* SUPPLIED INFORMATION
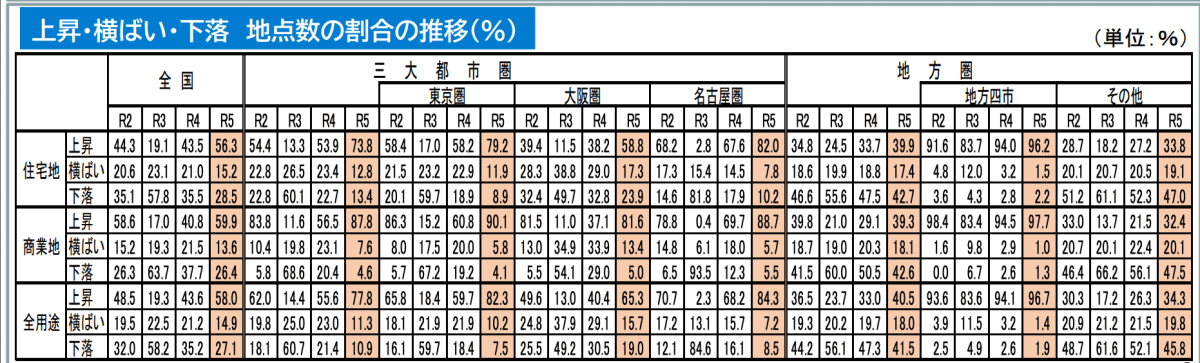 北海道に見られるように、各地ともに上昇したエリアもあれば横ばいや下落したエリアもあります。三大都市圏では、地価が上昇したエリアは7割を超えていますが、地方圏は4割。逆に、下落した地点の割合のほうが勝っています。
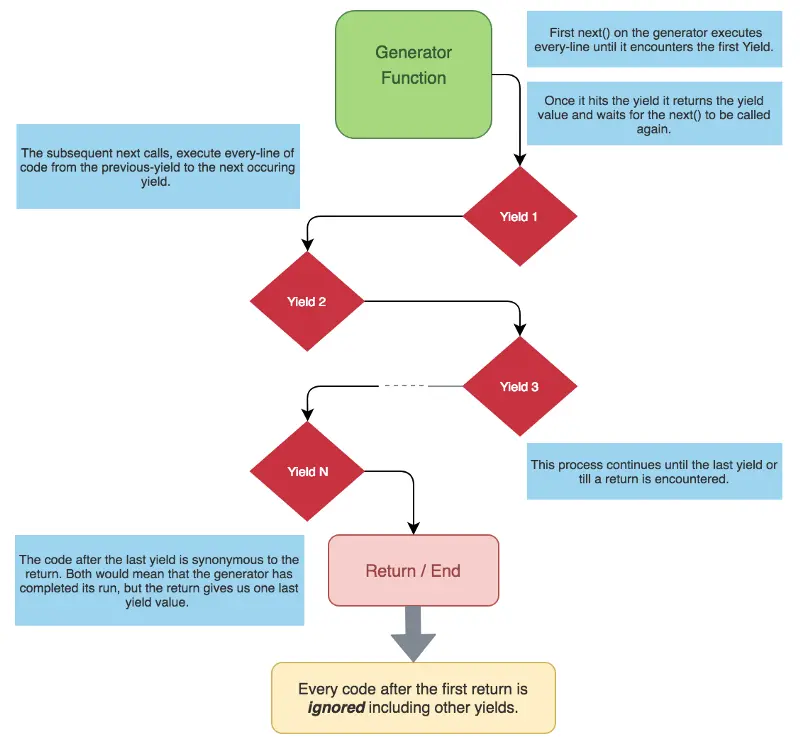 return 后的一切代码都会被忽略,包括 yield 表达式。
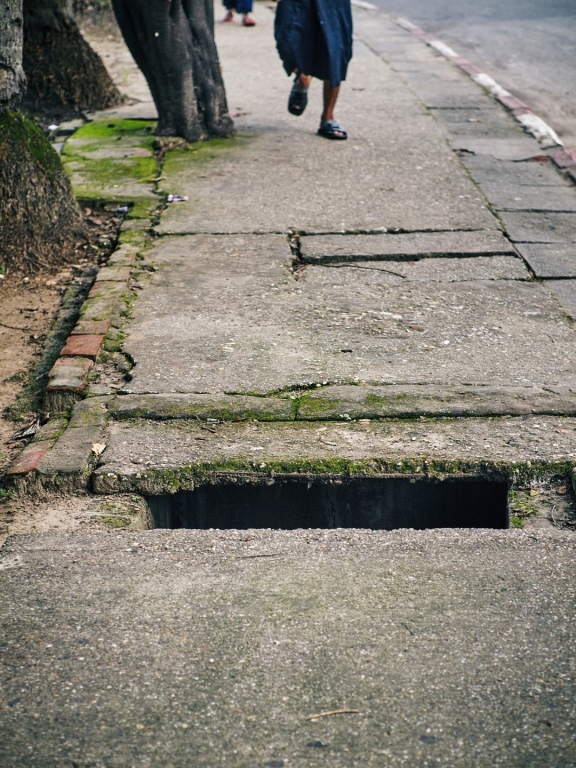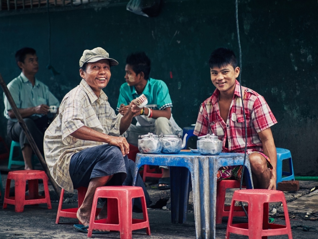 Miasto nie pachnie, wręcz śmierdzi. Śmieci też nie brakuje. Na ulicy dzieje się naprawdę dużo. Ludzie jedzą przy stolikach całymi grupami. Stoliki i krzesła z plastiku mają rozmiar dziecięcy i najczęściej są mocno wyeksploatowane. Przy podobnych stolikach pija się herbatkę z aluminiowego czajnika. Dookoła zniszczone budynki powstałe w czasach kolonialnych, pamiątka po Brytyjczykach. W niektóre powoli wrasta dżungla.
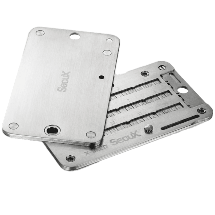Es importante mantener tu semilla de recuperación correctamente y protegida porque tu semilla de recuperación es la única manera de acceder a tu monedero de nuevo si has perdido el acceso. Por ejemplo, porque su portátil está roto en el caso de un monedero de software, su monedero de hardware está roto o perdido o ha perdido el código de acceso. Almacenar la semilla en línea es posible, pero da a los hackers la oportunidad de obtener acceso. Por esta razón, usted quiere mantener la semilla de recuperación fuera de línea. Esto supone un nuevo reto: ¿cómo proteger la semilla de los daños causados por el fuego y el agua? Esto se consigue almacenando la semilla de recuperación en una copia de seguridad de semillas como la X-Seed Pro. Las letras y el sistema de almacenamiento son de acero inoxidable 304 y sólo se funden a 1454°C.

* YOUR INSTRUCTIONS
Reprint the data verbatim, pictures excluded.

* YOUR SOLUTION
 北海道に見られるように、各地ともに上昇したエリアもあれば横ばいや下落したエリアもあります。三大都市圏では、地価が上昇したエリアは7割を超えていますが、地方圏は4割。逆に、下落した地点の割合のほうが勝っています。
 return 后的一切代码都会被忽略,包括 yield 表达式。
 Miasto nie pachnie, wręcz śmierdzi. Śmieci też nie brakuje. Na ulicy dzieje się naprawdę dużo. Ludzie jedzą przy stolikach całymi grupami. Stoliki i krzesła z plastiku mają rozmiar dziecięcy i najczęściej są mocno wyeksploatowane. Przy podobnych stolikach pija się herbatkę z aluminiowego czajnika. Dookoła zniszczone budynki powstałe w czasach kolonialnych, pamiątka po Brytyjczykach. W niektóre powoli wrasta dżungla.
Es importante mantener tu semilla de recuperación correctamente y protegida porque tu semilla de recuperación es la única manera de acceder a tu monedero de nuevo si has perdido el acceso. Por ejemplo, porque su portátil está roto en el caso de un monedero de software, su monedero de hardware está roto o perdido o ha perdido el código de acceso. Almacenar la semilla en línea es posible, pero da a los hackers la oportunidad de obtener acceso. Por esta razón, usted quiere mantener la semilla de recuperación fuera de línea. Esto supone un nuevo reto: ¿cómo proteger la semilla de los daños causados por el fuego y el agua? Esto se consigue almacenando la semilla de recuperación en una copia de seguridad de semillas como la X-Seed Pro. Las letras y el sistema de almacenamiento son de acero inoxidable 304 y sólo se funden a 1454°C.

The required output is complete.